═══ Data block ═══
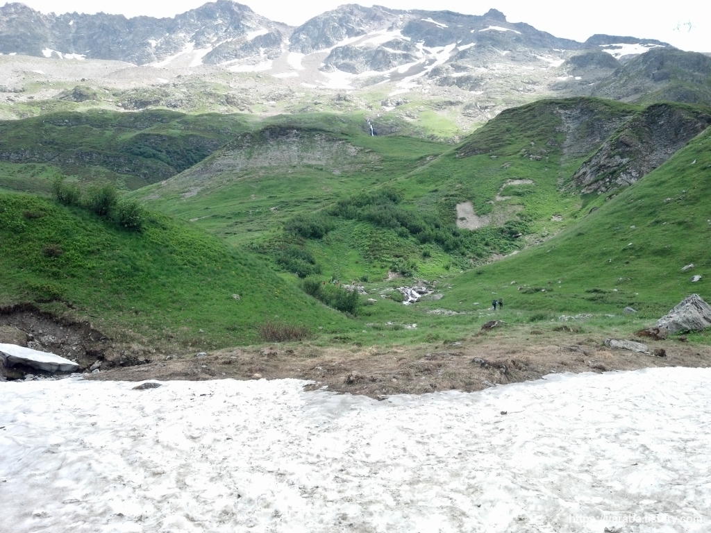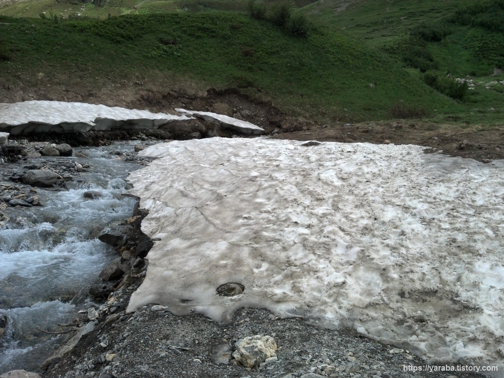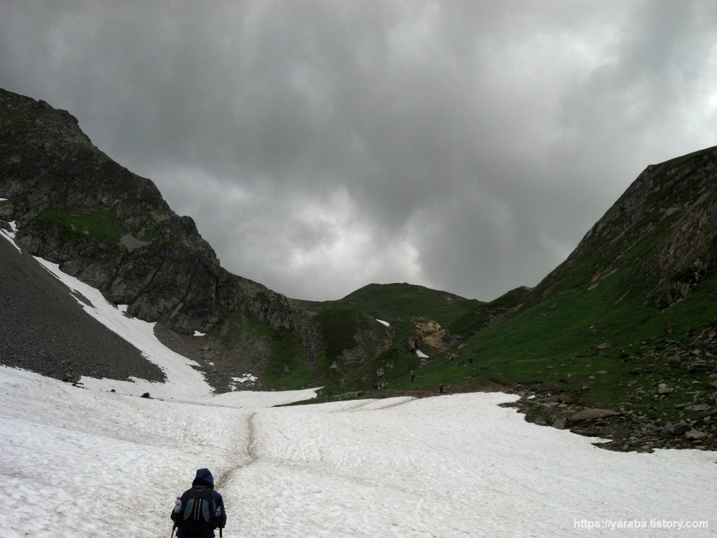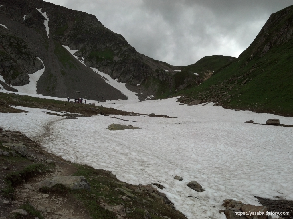 드디어 눈길에 도착했습니다. 아래에서 이 눈길을 바라보며 아이젠도 없는데 저기를 어떻게 가야 하는 염려가 있었었죠. 히마라야 고봉을 정복하는 것도 아닌 평범한 트레킹인데 사진만 보면 지금이 7월 한 여름이라는 것이 실감이 나질 않습니다. 그렇지만, 날씨가 영하로 떨어진 것이 아니고 쌓인 눈도 푹신한 편이어서 아이젠이 없어도 걸을만해서 다행이었습니다. 그래도 눈길의 대부분이 안전했지만 워낙 많이 사람들이 지나간 터라 미끄러운 것은 조심해야 했습니다. 옆지기의 경우 자꾸 미끄러져서 한걸음 한걸음 옮기느라 거북이걸음을 했습니다.
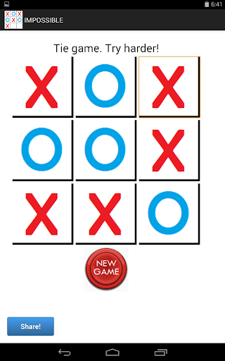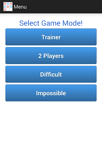 The most popular paper-and-pencil game! Get hours of fun with the 4 Game Modes: - TRAINER: With random answers (Easy) - 2 PLAYERS: You're both "X" and "O" - DIFFICULT: A good challenge - IMPOSSIBLE: Ready to never let you win! Enjoy!
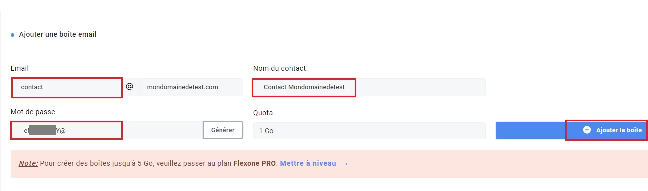 Depuis votre Espace Client, veuillez aller dans la rubrique Hébergement >> Flexone >> Roue crantée >> Gérer vos Boîtes emails. Complétez ensuite les informations requises et cliquez sur Ajouter la boîte.
═══
> **Exercise description**: Retype the listing exactly. Pictures do not belong in the copy.

> **Answer for this exercise**:
 드디어 눈길에 도착했습니다. 아래에서 이 눈길을 바라보며 아이젠도 없는데 저기를 어떻게 가야 하는 염려가 있었었죠. 히마라야 고봉을 정복하는 것도 아닌 평범한 트레킹인데 사진만 보면 지금이 7월 한 여름이라는 것이 실감이 나질 않습니다. 그렇지만, 날씨가 영하로 떨어진 것이 아니고 쌓인 눈도 푹신한 편이어서 아이젠이 없어도 걸을만해서 다행이었습니다. 그래도 눈길의 대부분이 안전했지만 워낙 많이 사람들이 지나간 터라 미끄러운 것은 조심해야 했습니다. 옆지기의 경우 자꾸 미끄러져서 한걸음 한걸음 옮기느라 거북이걸음을 했습니다.
 The most popular paper-and-pencil game! Get hours of fun with the 4 Game Modes: - TRAINER: With random answers (Easy) - 2 PLAYERS: You're both "X" and "O" - DIFFICULT: A good challenge - IMPOSSIBLE: Ready to never let you win! Enjoy!
 Depuis votre Espace Client, veuillez aller dans la rubrique Hébergement >> Flexone >> Roue crantée >> Gérer vos Boîtes emails. Complétez ensuite les informations requises et cliquez sur Ajouter la boîte.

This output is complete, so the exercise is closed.